§ TASK REQUIREMENTS
The answer should hold only the lines from the one containing "1922-23 Free State" through the one containing "뉴질랜드산 소나무 화이트" in the entries below, copied exactly, without pictures.
___ DATA RECORDS
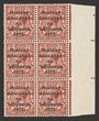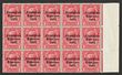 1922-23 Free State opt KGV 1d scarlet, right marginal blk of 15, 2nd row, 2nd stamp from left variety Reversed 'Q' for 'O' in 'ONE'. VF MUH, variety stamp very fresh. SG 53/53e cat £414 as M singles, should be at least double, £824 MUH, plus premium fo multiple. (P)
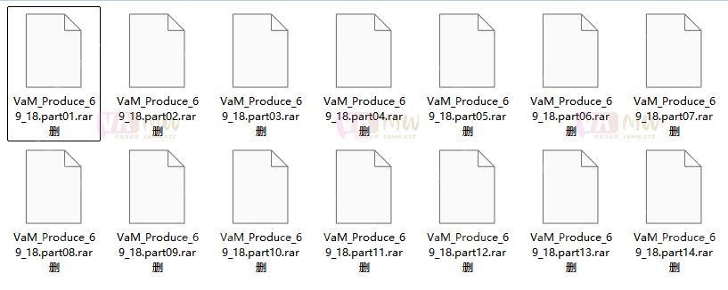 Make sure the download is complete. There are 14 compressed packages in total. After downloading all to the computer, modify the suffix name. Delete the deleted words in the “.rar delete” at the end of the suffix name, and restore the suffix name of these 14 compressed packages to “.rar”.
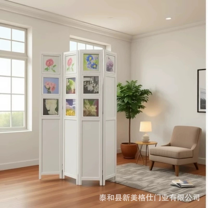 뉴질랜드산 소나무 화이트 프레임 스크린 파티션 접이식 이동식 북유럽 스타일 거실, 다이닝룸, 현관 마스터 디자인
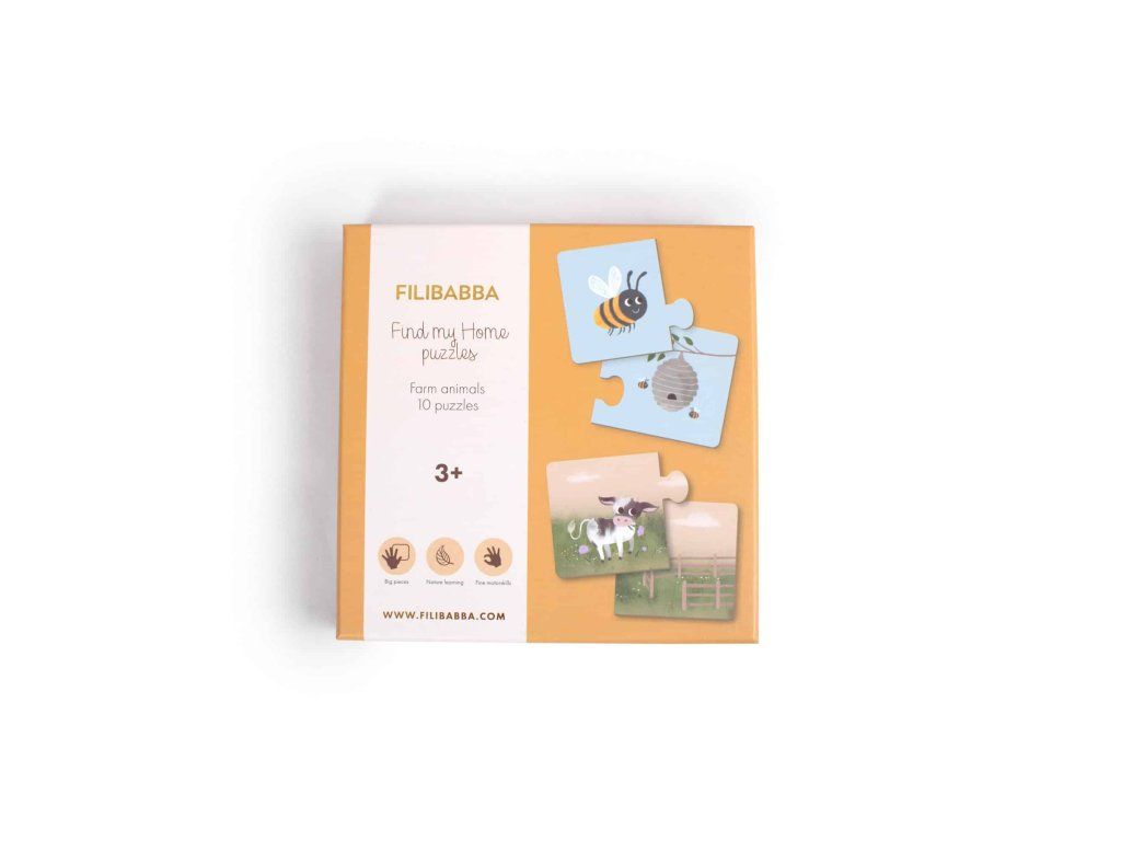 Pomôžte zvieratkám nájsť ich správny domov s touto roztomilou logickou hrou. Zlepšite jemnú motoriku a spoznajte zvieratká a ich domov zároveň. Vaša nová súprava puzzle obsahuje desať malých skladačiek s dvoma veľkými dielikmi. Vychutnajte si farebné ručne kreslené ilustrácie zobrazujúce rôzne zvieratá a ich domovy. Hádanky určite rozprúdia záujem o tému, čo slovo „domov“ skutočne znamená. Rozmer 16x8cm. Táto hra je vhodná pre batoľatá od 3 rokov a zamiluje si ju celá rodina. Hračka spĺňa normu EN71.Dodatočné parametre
______
___ DATA RECORDS
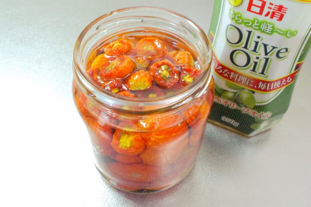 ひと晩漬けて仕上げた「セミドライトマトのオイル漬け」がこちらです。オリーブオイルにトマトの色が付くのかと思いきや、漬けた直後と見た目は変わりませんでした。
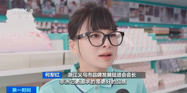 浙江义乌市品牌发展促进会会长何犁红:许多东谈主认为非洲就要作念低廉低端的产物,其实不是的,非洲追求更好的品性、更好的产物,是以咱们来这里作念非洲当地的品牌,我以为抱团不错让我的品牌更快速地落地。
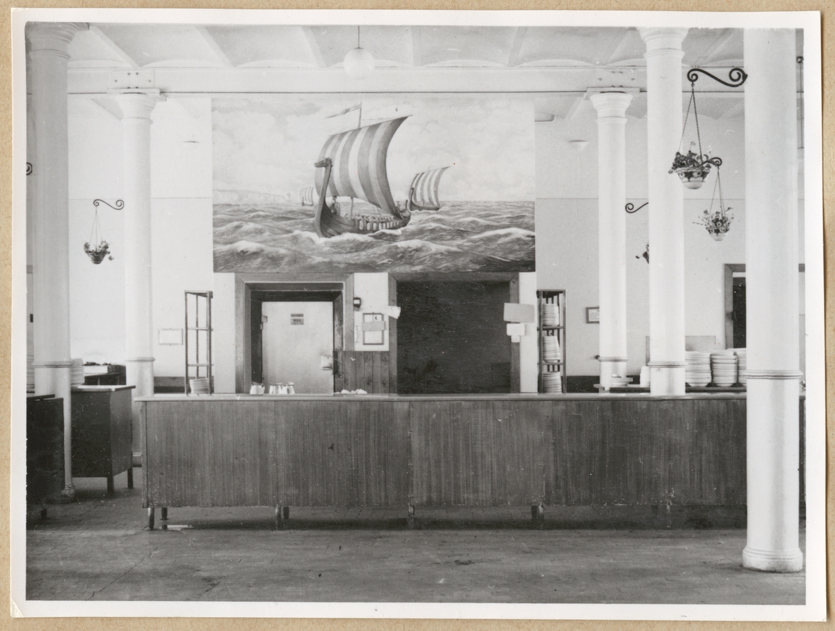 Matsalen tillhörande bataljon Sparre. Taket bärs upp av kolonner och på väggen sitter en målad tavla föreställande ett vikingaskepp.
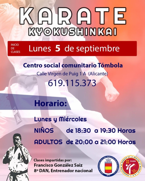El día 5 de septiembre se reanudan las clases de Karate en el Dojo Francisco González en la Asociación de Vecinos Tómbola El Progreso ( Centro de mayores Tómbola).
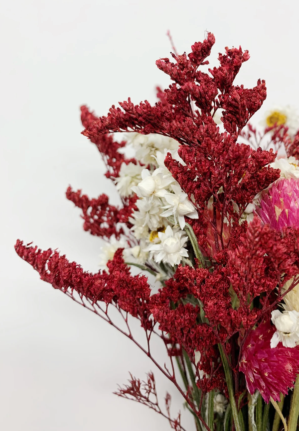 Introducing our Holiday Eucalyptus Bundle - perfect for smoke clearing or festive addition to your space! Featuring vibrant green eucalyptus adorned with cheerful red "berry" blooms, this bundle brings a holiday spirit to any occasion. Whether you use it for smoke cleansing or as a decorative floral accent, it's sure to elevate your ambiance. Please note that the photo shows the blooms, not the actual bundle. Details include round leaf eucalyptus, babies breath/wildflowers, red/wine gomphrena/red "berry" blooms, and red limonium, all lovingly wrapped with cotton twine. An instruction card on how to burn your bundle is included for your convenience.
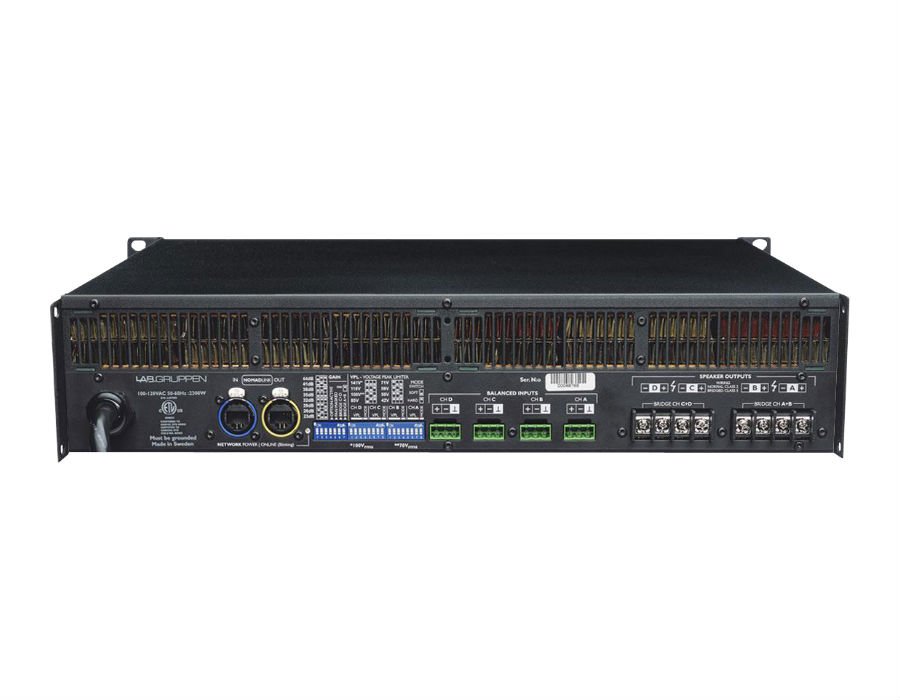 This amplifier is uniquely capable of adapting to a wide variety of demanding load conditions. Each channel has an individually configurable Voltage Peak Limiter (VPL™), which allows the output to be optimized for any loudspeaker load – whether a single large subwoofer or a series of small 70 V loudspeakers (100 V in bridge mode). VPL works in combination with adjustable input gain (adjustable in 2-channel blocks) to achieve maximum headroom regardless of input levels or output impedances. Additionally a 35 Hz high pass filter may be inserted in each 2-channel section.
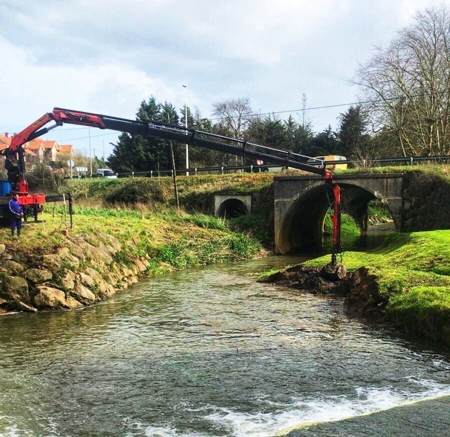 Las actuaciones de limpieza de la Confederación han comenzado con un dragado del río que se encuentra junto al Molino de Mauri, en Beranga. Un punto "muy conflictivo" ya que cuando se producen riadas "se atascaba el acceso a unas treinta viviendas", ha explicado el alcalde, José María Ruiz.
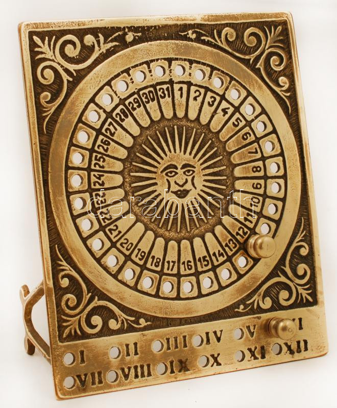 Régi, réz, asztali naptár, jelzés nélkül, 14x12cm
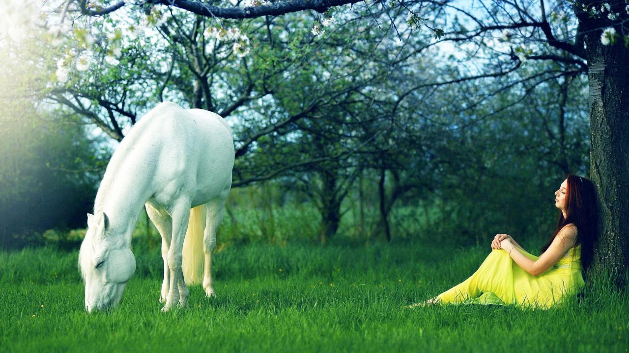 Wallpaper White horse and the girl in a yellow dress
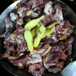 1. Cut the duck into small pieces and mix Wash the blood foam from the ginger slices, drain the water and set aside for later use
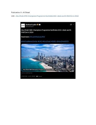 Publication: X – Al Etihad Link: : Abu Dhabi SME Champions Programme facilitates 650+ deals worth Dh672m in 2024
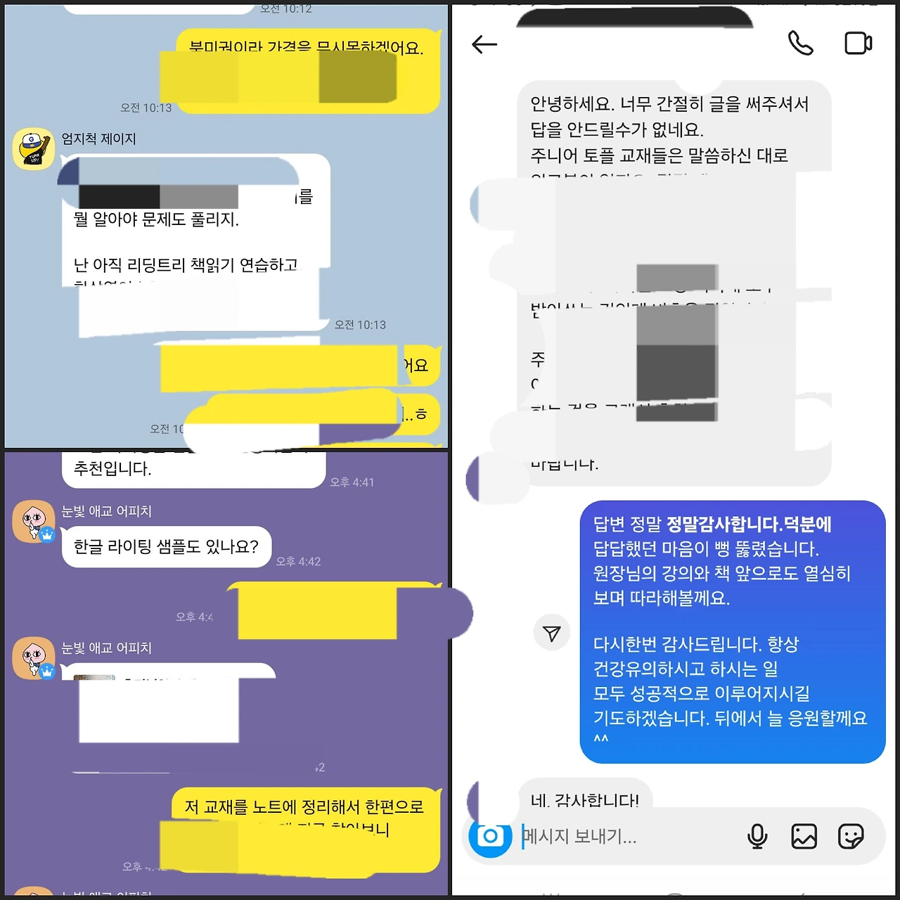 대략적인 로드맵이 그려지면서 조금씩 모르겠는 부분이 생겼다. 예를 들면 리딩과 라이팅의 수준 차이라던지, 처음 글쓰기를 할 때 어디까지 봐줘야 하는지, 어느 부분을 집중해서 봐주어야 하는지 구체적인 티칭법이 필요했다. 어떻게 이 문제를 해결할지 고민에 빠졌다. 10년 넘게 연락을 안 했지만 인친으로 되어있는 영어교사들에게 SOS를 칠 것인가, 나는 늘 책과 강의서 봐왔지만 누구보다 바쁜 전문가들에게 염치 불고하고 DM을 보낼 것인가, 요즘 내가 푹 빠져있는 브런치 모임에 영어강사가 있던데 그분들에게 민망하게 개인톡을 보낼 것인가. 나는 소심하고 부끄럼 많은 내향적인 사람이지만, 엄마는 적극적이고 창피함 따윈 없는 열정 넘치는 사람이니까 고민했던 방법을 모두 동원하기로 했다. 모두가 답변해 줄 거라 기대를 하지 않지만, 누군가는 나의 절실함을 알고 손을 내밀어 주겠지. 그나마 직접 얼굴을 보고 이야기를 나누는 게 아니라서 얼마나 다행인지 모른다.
______
___ DATA RECORDS
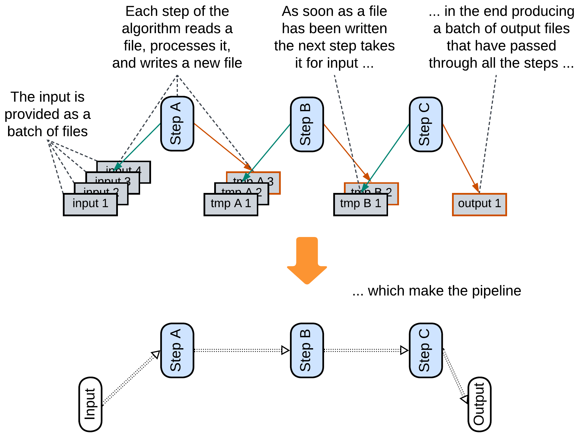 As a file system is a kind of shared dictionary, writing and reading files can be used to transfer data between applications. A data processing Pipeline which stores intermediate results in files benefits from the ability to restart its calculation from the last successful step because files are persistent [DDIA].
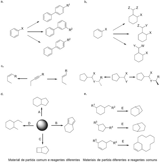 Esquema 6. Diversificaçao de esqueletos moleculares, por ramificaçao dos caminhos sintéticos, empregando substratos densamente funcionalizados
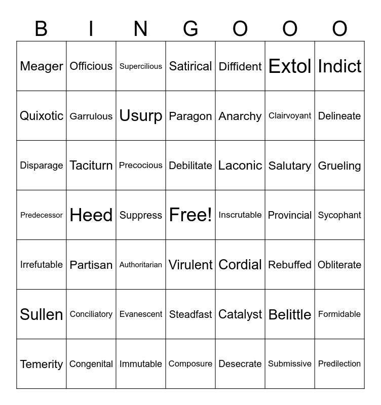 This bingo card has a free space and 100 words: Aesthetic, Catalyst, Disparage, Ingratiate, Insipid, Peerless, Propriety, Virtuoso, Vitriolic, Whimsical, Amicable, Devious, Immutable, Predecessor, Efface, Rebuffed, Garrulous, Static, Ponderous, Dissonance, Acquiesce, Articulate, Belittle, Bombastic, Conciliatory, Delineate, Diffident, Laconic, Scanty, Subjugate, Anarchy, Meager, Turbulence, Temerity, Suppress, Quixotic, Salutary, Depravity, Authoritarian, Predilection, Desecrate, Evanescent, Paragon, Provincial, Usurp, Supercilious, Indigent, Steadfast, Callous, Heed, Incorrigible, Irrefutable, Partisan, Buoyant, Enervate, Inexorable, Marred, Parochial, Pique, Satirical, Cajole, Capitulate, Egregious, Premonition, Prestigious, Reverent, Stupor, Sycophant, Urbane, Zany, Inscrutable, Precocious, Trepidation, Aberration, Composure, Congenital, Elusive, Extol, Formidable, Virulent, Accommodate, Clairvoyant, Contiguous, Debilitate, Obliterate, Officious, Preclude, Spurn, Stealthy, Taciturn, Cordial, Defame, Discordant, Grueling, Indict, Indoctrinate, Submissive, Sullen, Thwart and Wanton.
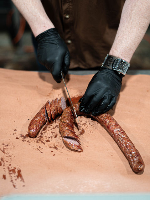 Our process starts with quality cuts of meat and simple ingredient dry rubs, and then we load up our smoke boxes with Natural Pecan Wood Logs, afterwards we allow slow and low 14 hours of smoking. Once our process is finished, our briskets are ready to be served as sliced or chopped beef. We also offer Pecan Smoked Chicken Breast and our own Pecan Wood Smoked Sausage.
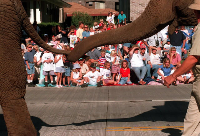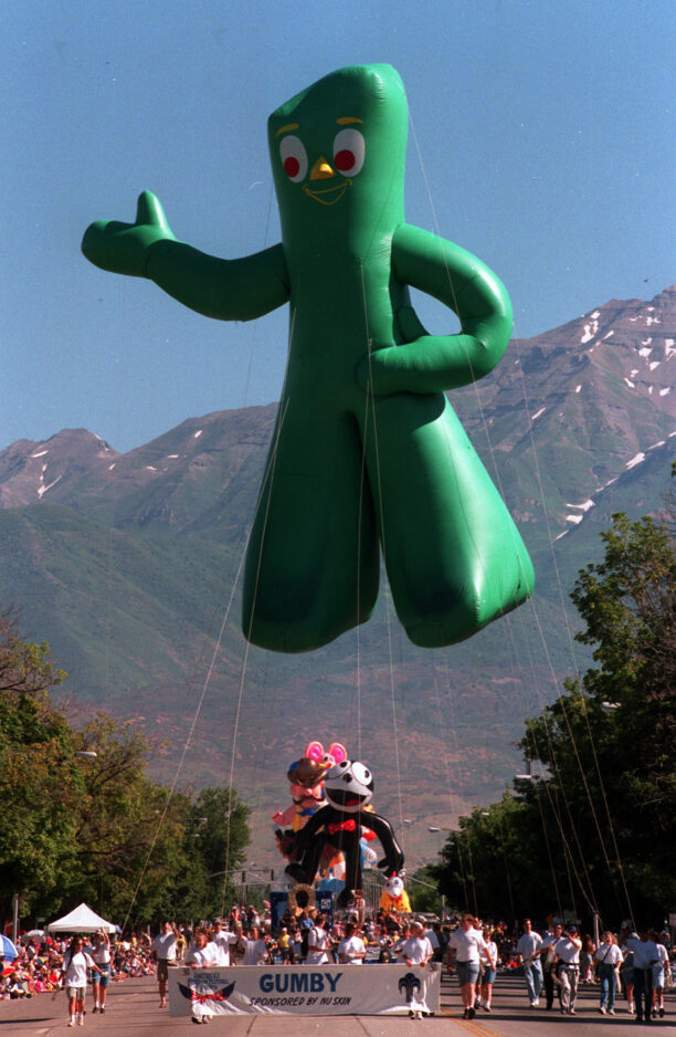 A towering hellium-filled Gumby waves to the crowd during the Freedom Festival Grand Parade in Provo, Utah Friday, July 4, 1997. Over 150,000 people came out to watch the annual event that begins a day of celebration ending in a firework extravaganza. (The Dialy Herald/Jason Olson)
______
§ RESPONSE AREA
 1922-23 Free State opt KGV 1d scarlet, right marginal blk of 15, 2nd row, 2nd stamp from left variety Reversed 'Q' for 'O' in 'ONE'. VF MUH, variety stamp very fresh. SG 53/53e cat £414 as M singles, should be at least double, £824 MUH, plus premium fo multiple. (P)
 Make sure the download is complete. There are 14 compressed packages in total. After downloading all to the computer, modify the suffix name. Delete the deleted words in the “.rar delete” at the end of the suffix name, and restore the suffix name of these 14 compressed packages to “.rar”.
 뉴질랜드산 소나무 화이트 프레임 스크린 파티션 접이식 이동식 북유럽 스타일 거실, 다이닝룸, 현관 마스터 디자인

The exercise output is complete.